Arbitration is a consensual process and is not a matter of coercion. No arbitration statute can require the parties to arbitrate when they have not agreed to do so ((Id p. 51)). The parties are generally free to structure their arbitration agreement in any manner they choose. One of the key objectives of this Act was to reduce the role of supervisory judicial authority in the arbitral process. The advantage of arbitration over court litigation is mainly speedier resolution; however, there can be exceptions to this due to multiple parties, arbitrators, lawyers and litigation strategy. It is also less costly. The rules of evidence do not apply to arbitration agreements. Arbitration does not require a public hearing; there is no requirement for a public record of the proceedings.

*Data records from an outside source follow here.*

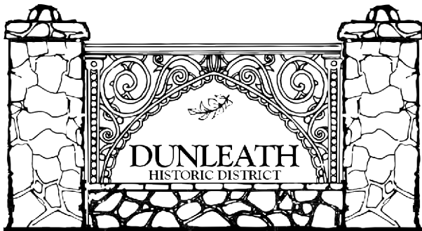
rendering of the monument sign

In December and January the board worked with landscape architect Randal Romie to develop designs for signature gateway features and pedestrian archways at important locations around the neighborhood. We've approved preliminary designs that incorporate red-toned quartz stone, rope mortar joints, a pecan spring logo, and decorative ironwork, with the Dunleath Historic District name prominently displayed. The stone was selected because it is similar to that on the retaining wall remnants of the Dunleath property behind the Community Garden, and the ironwork patterns are based on wrought iron arches at the original entrance to the Dunleath mansion. The pecan sprig was chosen because our neighborhood was reportedly once a pecan grove, and there are still many "volunteer" pecan trees all through it. Once the designs are finalized, we will start seeking permission to install them at strategic locations. 🍌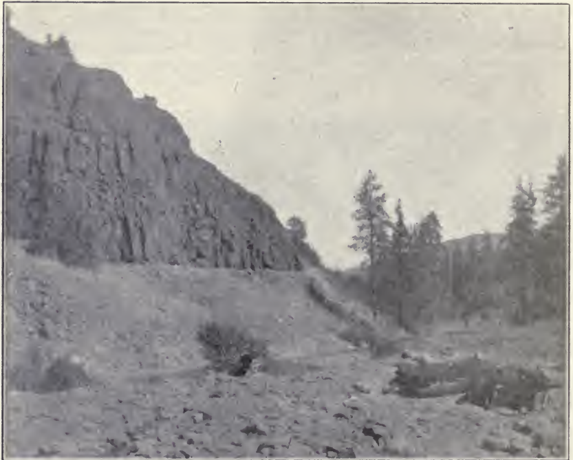
SCENE ON THE SATUS RIVER, 1906. River flows through Canyon in the foreground.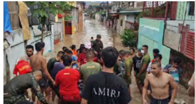
Flood Rescue Operation in Barangay San Jose Gusu due to Typhoon Paeng or Tropical Storm Nalgae.

As the planet warms, the atmosphere is able to accumulate more water, which can lead to more intense downpours. 97 Also, tropical cyclones and tropical storms are becoming more intense due to climate change. 98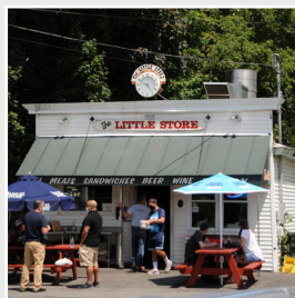
The Little Store Lebanon, NH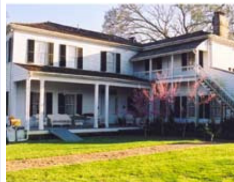
The Back Door

Liendo had always been recognized for its warm Southern hospitality, but few people know that this same tradition of generosity probably saved it from destruction. Among the more notable statesmen and historical figures that have spent time at Liendo was George A. Custer. At the end of the Civil War, he was stationed at Liendo. It is said that both Mr. Custer and his wife were so impressed with the plantation and the gracious hospitality shown them during their stay, that they made sure Liendo was not harmed in appreciation.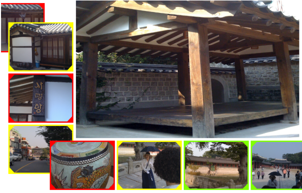
Figure 1: This Mobiphos screenshot shows the interface in mid-animation. Thumbnails are arranged along the left and bottom of the display and the viewfinder is shown in the top-right corner. Colored borders along the thumbnail indicate the user who captured the photograph.

participants relied on visual elements in the interface to a mobile text service whereas Finnish (low context) participants did not. Teng et al. examine cultural effects of technology use in the workplace [21], however there have been few studies that have examined collaborative technology use in a field setting.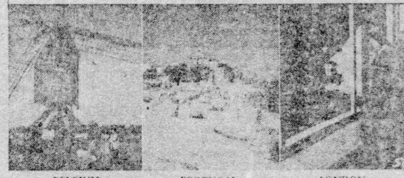
BELGIUM PORTUGAL LONDON

It's bargain time for the traveller! If you've ever had a desire to tour Europe and hadn't the time or the money, this is the time to start making plans.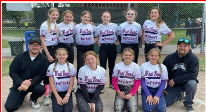
Optimist Club's West Bend Girls' Softball Team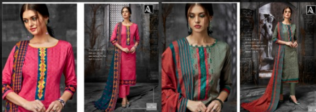
Code # 365 - 005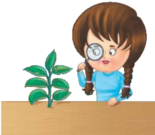
HOMEWORK AND ASSIGNMENTS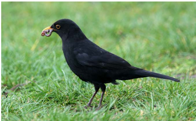
Blackbird with a worm

Its founders and subsequent managers have enriched it with trees and shrubs from around the world, but its woodland and wooded meadows retain the essence of the English countryside.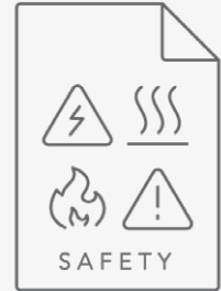
1 x Safety Card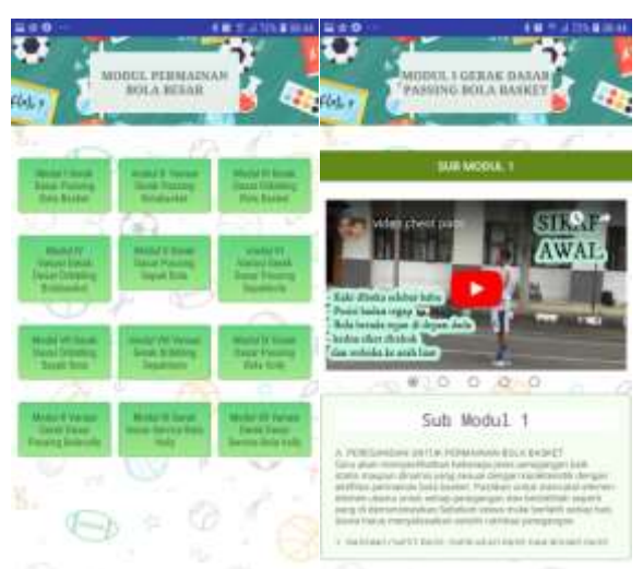
Figure 4. Learning Module Display

To facilitate the PE learning process, this application has several features of Pojok Siswa (Student Corner). Pojok Siswa can be used by students to support their PE learning process in each education unit. The learning activities displayed in this feature are adjusted to the curriculum issued and authorized by the Ministry of Education and Culture, and it is hoped that they are all in line with the curriculum applied in Indonesia, especially for PE learning at every level of education. In addition, there is a choice of class or grade in each education unit. Learning modules appears when the user chooses the type of learning activity. The materials included are, for example, large ball games, small ball games, aquatic activities, rhythmic/gymnastic activities, martial arts, and athletic activities. However, the application is still in its first development stage, thus the contents are limited to large ball games and the learning materials are such as specific movement learning for basketball games, volleyball games, and soccer games. Moreover, the contents are only for grade VII junior high school level.

In arbitration agreements, confidentiality is required of the arbitrator and by agreement the whole dispute and the resolution of it can be subject to confidentiality imposed on the parties as well as their experts and attorneys. The very process of arbitration is informal as compared to litigation.

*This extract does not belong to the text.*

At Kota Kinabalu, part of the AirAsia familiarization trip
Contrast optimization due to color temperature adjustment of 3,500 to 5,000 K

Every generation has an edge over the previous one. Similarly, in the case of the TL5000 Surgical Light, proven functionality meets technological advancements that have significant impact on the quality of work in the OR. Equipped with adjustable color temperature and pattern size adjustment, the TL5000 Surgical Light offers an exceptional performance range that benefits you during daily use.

On the other hand, arbitration has its disadvantages too. There is no right of appeal even if the arbitrator makes a mistake of fact or law. However, there are some limitations on that rule, the exact limitations are difficult to define, except in general terms, and are fact driven ((Mazigrow Arthur, The Advantages and Disadvantages of Arbitration As Compared to Litigation, at p. 2 April 2008)). There is no right of discovery unless the arbitration agreement so provides or the parties stipulate to allow discovery or the arbitrator permits discovery ((Ibid)). The arbitration process may not be fast and it may not be inexpensive, especially when a panel is involved. There is no jury and from the claimant’s point of view that may be a serious drawback. An arbitrator may make an award based upon broad principles of “justice” and “equity” and not necessarily on rules of law or evidence ((Ibid)). An arbitration award cannot be the basis of a claim for malicious prosecution as well.

CONCLUSION

Arbitration has been increasingly recognised  as  an appropriate means for the determination of disputes that were hitherto regarded as an exclusive reserve of the national courts. It is a system which endeavours to inspire confidence in the Indian dispute resolution system, attract foreign investment as well as reassure international investors in the reliability of the Indian legal system to provide a cost effective resolution system. However, there are some major lacunae in the Act of 1996 which needs to be dealt with. Further, the arbitration proceedings are not as cost effective as they claim to be, especially ad hoc arbitration proceedings. The arbitration tribunal clearly has no coercive authority in the justice system. With the appropriate amendments and a clear framework, arbitration can transform into an efficient alternate dispute resolution method which is only prompt, effectual and economical.